Вся надежда на огород. Щетиной поднялся там зеленый лук, закурчавился нежный салат, на длинных грядках выставила розовые бока редиска, а там внизу, под землей, невидимые глазу, уже стали надуваться, пучиться, расти розовые длинные картофелины. Это лежат в земле запеканки, котлеты, картофельные супы,- богатство, спасение, сытость. Но до этого еще далеко. Еще только начало июля. И спят супы и запеканки в маленьких твердых шариках, которые даже подкапывать еще рано.
А салат и редиска и зеленый лук все больше и больше занимают места за столом. Как было бы хорошо, если бы рядом с ними шипели на сковородке пухлые котлеты или глазастая яичница, или хотя бы каша лежала на тарелке осыпающейся высокой горкой!
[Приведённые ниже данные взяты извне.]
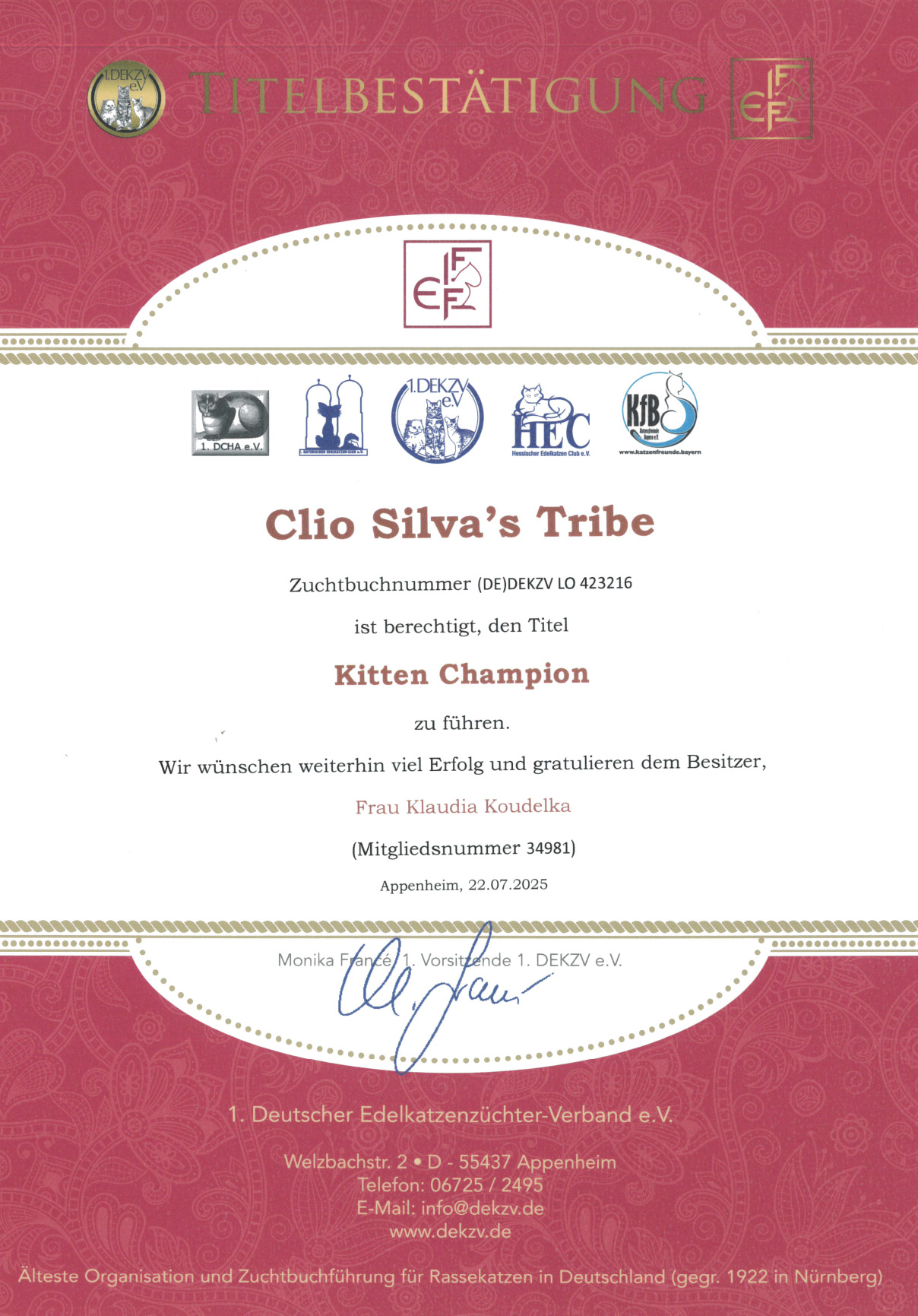 Best in Show, Wolnzach - 24.05.2025 Kittenchampion

Но и порции каши становились с каждым днем меньше, а нужно было еще уделять по горсточке Одноглазому и Тишке.
Лето стояло жаркое. Все понимали, что овощи надо спасать, и добросовестно поливали огород. Даже Лиля не раз бралась за лейку.
Анна Матвеевна все думала, чем бы еще покормить ребят.
Вот вспомнила про щавель, и все ползали по полянкам и собирали узкие листочки. А потом весело стучала сечка в деревянной чашке и щедрой рукой наливала Анна Матвеевна в тарелки зеленый пахучий щавелевый борщ с молодой свекольной ботвой. Его было так много, сколько хочешь! И так вкусно. Анна Матвеевна положила в кастрюльку кусочек копченой колбасы. Пусть он был маленький, этот кусочек, но борщ так замечательно пахнул!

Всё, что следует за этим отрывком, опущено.